My design need friends

Andrej Mitrovic andrej.mitrovich at gmail.com
Sat Oct 5 17:36:17 PDT 2013


On 10/6/13, Namespace <rswhite4 at googlemail.com> wrote:
> Any further suggestions or improvements?

That's nice.

You could also hack away with templates, extracting the full module
path (e.g. foo.bar) of the calling module and comparing this with the
module a symbol is in, and then do this sort of thing:

In a module like foolib.mod:

- If some API-marked function is called from any submodule of "foolib"
=> compilation proceeds
- Otherwise, statically assert.

However I've just realized we are missing a __MODULE__ equivalent
which gives us the full path of the module. For example, for a.b.c
returns c, rather than a.b.c.

Adam D. Ruppe will probably understand where I'm going with this.
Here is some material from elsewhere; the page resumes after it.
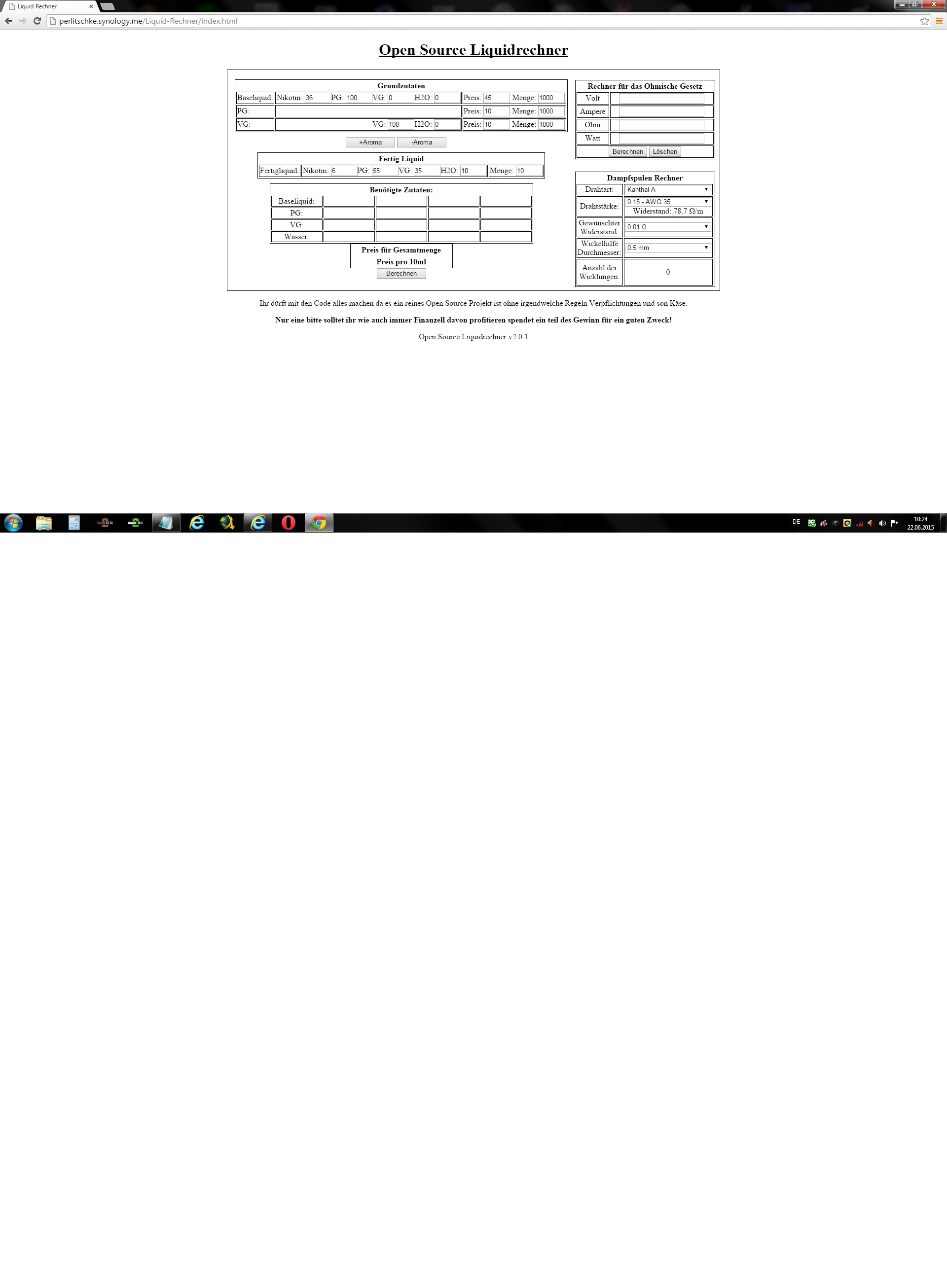 Aber die Rechte Seite Ohmrechner Draht usw. kann ich persönlich nix einstellen(Eingabe ja)

Just
to pseudocode a bit:

test.d:

-----
module test;

import foo.a;
import foo.b;

void main()
{
    B b;
    b.func();  // this will fail
}
-----

foo/a.d:
-----
module foo.a;

import foo.b;

void test()
{
    B b;
    b.func();  // ok, compiles
}
-----

foo/b.d:
-----
module foo.b;

import foo.internal;

struct B
{
    // introduce public function "func" only accessible from any 'foo'
submodules
    // which forwards to "funcImpl"
    mixin Internal!(funcImpl, "func");

    private void funcImpl() { }  // internal
}
-----

foo/internal.d:
-----
module foo.internal;

mixin template Internal(alias symbol, string funcIdent)
{
    mixin("
    public auto " ~ funcIdent ~ "(string packName = __PACKAGE__, T...)(T t)
    {
        // note: not the actual assert, you would probably do string
comparisons here,
        // e.g. checking whether both packages start with "foo."
        static assert(__PACKAGE__ == packName);
        return symbol(t);
    }
    ");
}
-----

The only issue is there's no way to get to the caller's fully
qualified module name. You could hack around extracting this info from
a __PRETTY_FUNCTION__ string, but it's unreliable.

I think we may need a new __PACKAGE__ symbol.